### [Brief]
Exactly the lines from the one containing "Actuellement en offre" through the one containing "DEXORINDO Keset Happy" in the listing below are to be copied, with the pictures left out.

### [Exercise materials]
------------

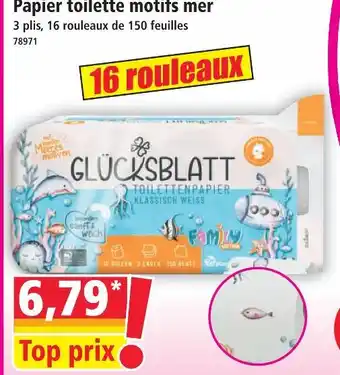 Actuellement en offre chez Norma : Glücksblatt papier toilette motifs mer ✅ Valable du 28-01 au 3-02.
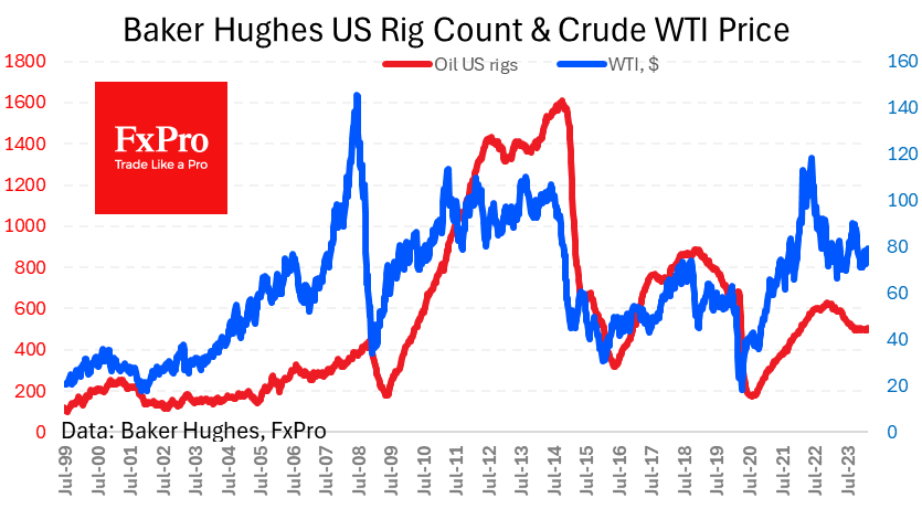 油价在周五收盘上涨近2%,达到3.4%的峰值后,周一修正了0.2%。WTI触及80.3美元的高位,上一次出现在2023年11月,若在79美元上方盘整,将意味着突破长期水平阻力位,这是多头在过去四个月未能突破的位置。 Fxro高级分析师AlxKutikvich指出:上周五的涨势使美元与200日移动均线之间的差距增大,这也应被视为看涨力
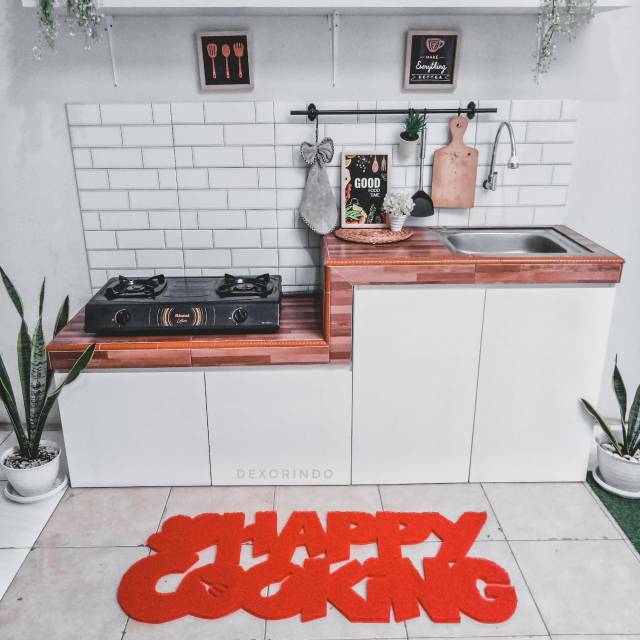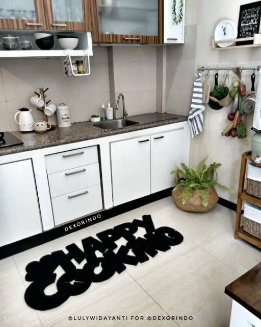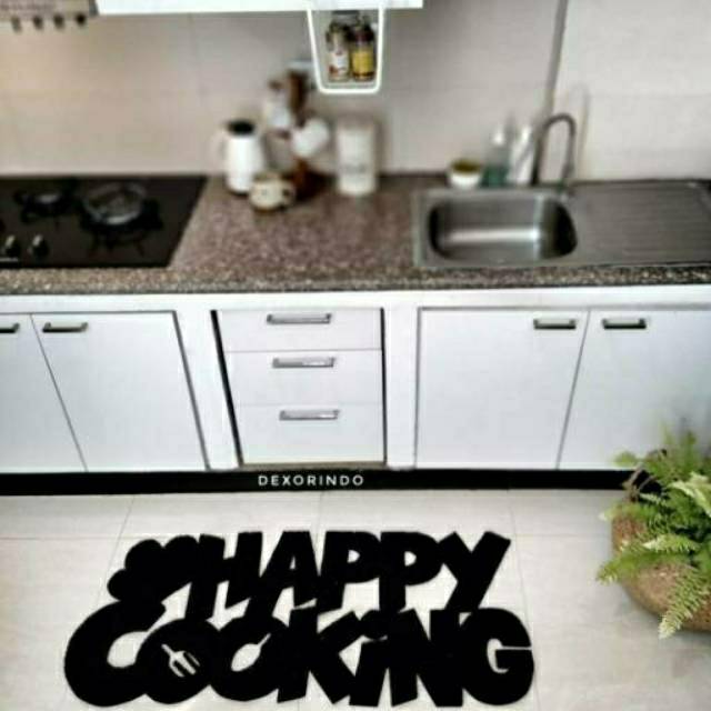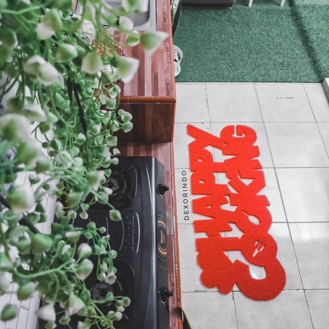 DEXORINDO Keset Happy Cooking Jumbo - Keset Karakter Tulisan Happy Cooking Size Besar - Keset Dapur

------------

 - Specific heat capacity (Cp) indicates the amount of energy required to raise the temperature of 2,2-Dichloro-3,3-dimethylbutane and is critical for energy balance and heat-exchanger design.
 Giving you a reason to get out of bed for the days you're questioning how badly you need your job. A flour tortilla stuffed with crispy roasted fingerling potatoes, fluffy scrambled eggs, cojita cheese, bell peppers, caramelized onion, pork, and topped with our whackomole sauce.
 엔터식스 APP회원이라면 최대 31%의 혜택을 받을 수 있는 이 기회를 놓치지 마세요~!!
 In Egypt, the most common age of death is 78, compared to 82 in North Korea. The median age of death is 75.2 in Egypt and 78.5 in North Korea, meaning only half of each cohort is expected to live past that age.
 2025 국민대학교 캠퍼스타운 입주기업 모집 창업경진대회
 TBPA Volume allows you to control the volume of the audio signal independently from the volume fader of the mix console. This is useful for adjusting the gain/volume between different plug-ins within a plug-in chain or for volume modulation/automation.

------------

### [Expected answer]
 Actuellement en offre chez Norma : Glücksblatt papier toilette motifs mer ✅ Valable du 28-01 au 3-02.
 油价在周五收盘上涨近2%,达到3.4%的峰值后,周一修正了0.2%。WTI触及80.3美元的高位,上一次出现在2023年11月,若在79美元上方盘整,将意味着突破长期水平阻力位,这是多头在过去四个月未能突破的位置。 Fxro高级分析师AlxKutikvich指出:上周五的涨势使美元与200日移动均线之间的差距增大,这也应被视为看涨力
 DEXORINDO Keset Happy Cooking Jumbo - Keset Karakter Tulisan Happy Cooking Size Besar - Keset Dapur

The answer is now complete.